Businesses aren’t always responsible for injuries that occur on their property. If someone comes to the grocery store drunk or under the influence of drugs and precedes to fall flat on their face, they will probably have a hard time making a claim against the business for their injuries. The same is true of someone who gets hurt while racing around on a shopping cart in a parking lot.
Still, there are many circumstances that lead to liability for a business. How do you determine if you can bring a claim against the business for your injuries?
Can you show that negligence was a factor in your slip-and-fall?
People can get hurt because of their own mistakes or unpredictable occurrences. Businesses have premises liability insurance that can help protect them and their visitors for injuries that occur at the company’s facilities.
However, if you want to make a slip-and-fall claim against a business, you will typically have to demonstrate that there is some degree of negligence on its part that led to your injury.
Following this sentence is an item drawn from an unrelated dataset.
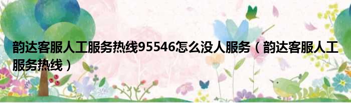 你们好,最近小活发现有诸多的小伙伴们对于韵达客服人工服务热线95546怎么没人服务,韵达客服人工服务热线这个问题都颇为感兴趣的,今天小活为大家梳理了下,一起往下看看吧。

Negligence typically means failing to do what a reasonable person would in that specific situation.
Not mopping up a puddle caused by a leak in the ceiling or not leaving a sign out to warn customers about the wet, recently mopped floor might constitute negligence. So might a failure to properly clean or maintain the facilities.
You also need to have verifiable losses to bring a slip-and-fall claim
Negligence isn’t the only requirement for a successful claim against a business. You also must have suffered either an injury or expensive property damage during the incident. You might have broken your phone, which could cost more than $1,000. You could have broken your arm, which will cost you thousands of dollars in medical expenses and even more in lost wages.
If you believe that that you suffered provable losses after a slip-and-fall, you may have grounds for an insurance claim or even a civil lawsuit against the business.